_What to work on_:
Line by line, print the records exactly, and keep images out of the copy.

_Given information_:
————————

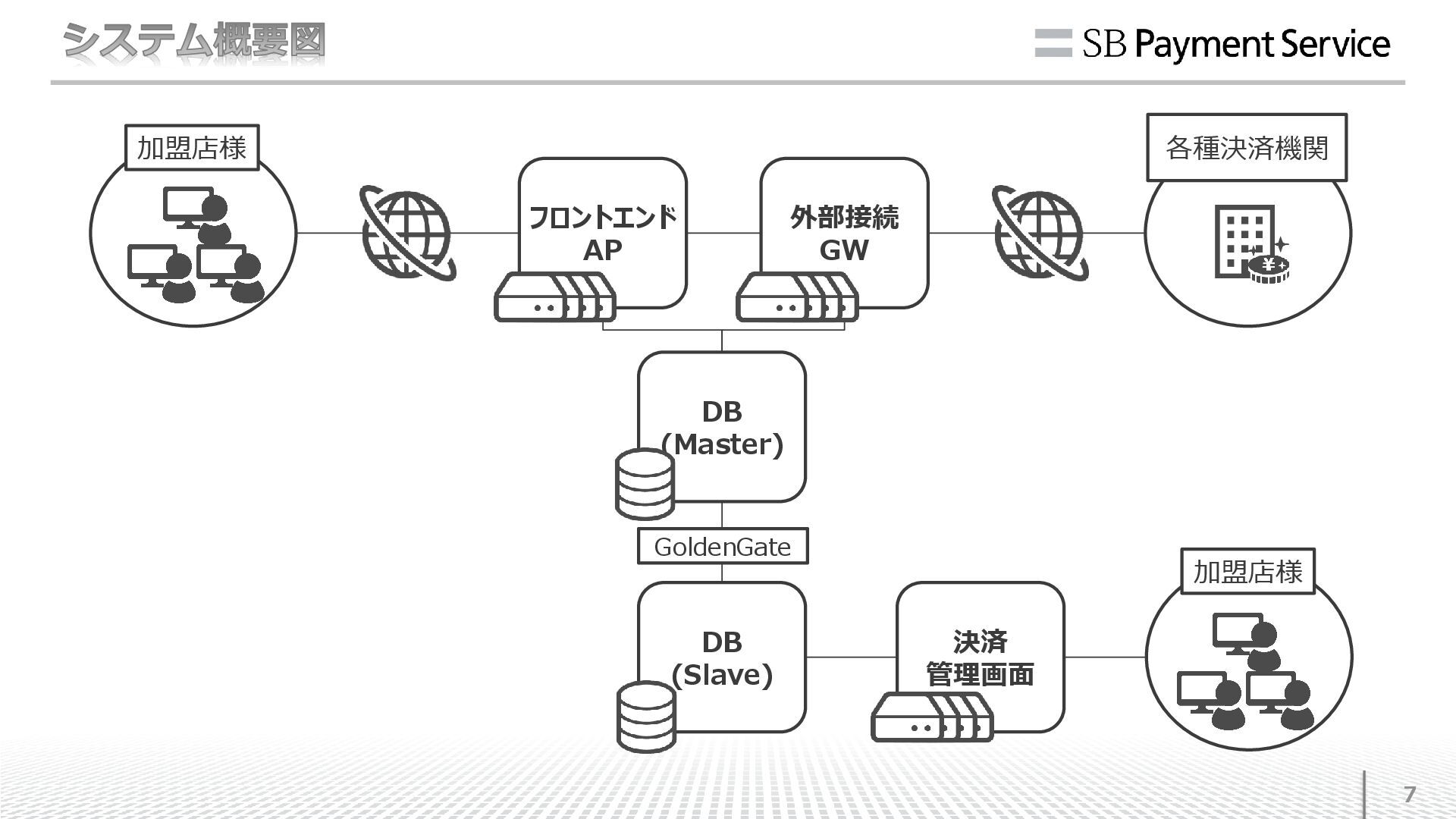 システム概要図 7 加盟店様 フロントエンド AP 外部接続 GW DB (Master) DB
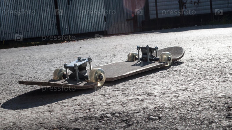 Старый скейтборд с заниженным коньком, стилистическая переработка оригинального скейтборда. потрепанный скейтборд. старый скейтборд с заниженной доской, стилистическая переработка оригинального скейтборда. потрепанная доска для катания
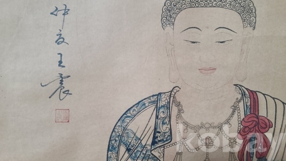 불화 그림이 그려진 족자화 입니다 사이즈도 좋고 작품도 나쁘지 않습니다
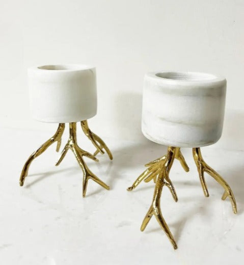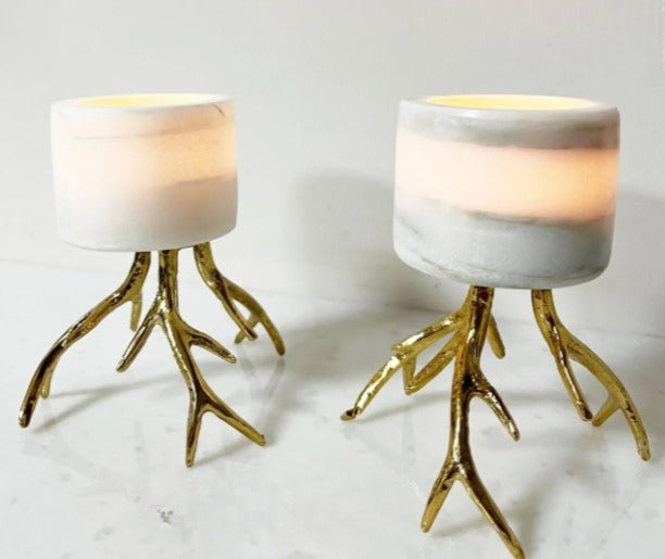 Doğal Beyaz Mermer Mumluk, Ayaklı Mumluk, Mermer TeaLight, Gold Ayaklı Mumluk 2 Adet
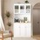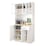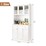 Create space for food preparation, additional storage, and small appliances by using this kitchen pantry cupboard. The upper glass door cabinets are the perfect spot for small items like spice jars or cans. The middle countertop offers spacious room for a microwave, coffee maker or toaster. The bottom cabinets keep small appliances, tableware, and food out of sight. It can also be a buffet sideboard in the dining room to store dishware, wine, and drinks or a display cabinet in the living room to showcase books, collections, and decorations. Made of premium quality particle board and glass, this piece of furniture is strong and durable enough to serve for many years.
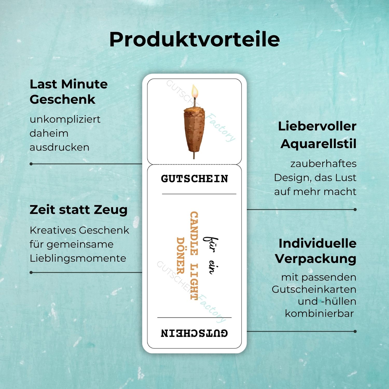 Die Candle Light Döner Gutschein Vorlage steht dir direkt als PDF-Datei zur Verfügung – kein Papierkram, kein Bastelstress. Einfach downloaden, ausdrucken und mit wenigen Handgriffen ausscheiden: schon hältst du ein liebevoll gestaltetes Geschenk in den Händen. Der Gutschein macht nicht nur kulinarisch Lust, sondern wirkt durch sein Design sofort besonders.
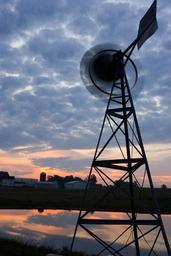 Keywords: windmill sunset clouds farm agriculture dusk energy landscape turbine power propeller wind reflection pond water rural

————————

_Result_:
 システム概要図 7 加盟店様 フロントエンド AP 外部接続 GW DB (Master) DB
 Старый скейтборд с заниженным коньком, стилистическая переработка оригинального скейтборда. потрепанный скейтборд. старый скейтборд с заниженной доской, стилистическая переработка оригинального скейтборда. потрепанная доска для катания
 불화 그림이 그려진 족자화 입니다 사이즈도 좋고 작품도 나쁘지 않습니다
 Doğal Beyaz Mermer Mumluk, Ayaklı Mumluk, Mermer TeaLight, Gold Ayaklı Mumluk 2 Adet
 Create space for food preparation, additional storage, and small appliances by using this kitchen pantry cupboard. The upper glass door cabinets are the perfect spot for small items like spice jars or cans. The middle countertop offers spacious room for a microwave, coffee maker or toaster. The bottom cabinets keep small appliances, tableware, and food out of sight. It can also be a buffet sideboard in the dining room to store dishware, wine, and drinks or a display cabinet in the living room to showcase books, collections, and decorations. Made of premium quality particle board and glass, this piece of furniture is strong and durable enough to serve for many years.
 Die Candle Light Döner Gutschein Vorlage steht dir direkt als PDF-Datei zur Verfügung – kein Papierkram, kein Bastelstress. Einfach downloaden, ausdrucken und mit wenigen Handgriffen ausscheiden: schon hältst du ein liebevoll gestaltetes Geschenk in den Händen. Der Gutschein macht nicht nur kulinarisch Lust, sondern wirkt durch sein Design sofort besonders.
 Keywords: windmill sunset clouds farm agriculture dusk energy landscape turbine power propeller wind reflection pond water rural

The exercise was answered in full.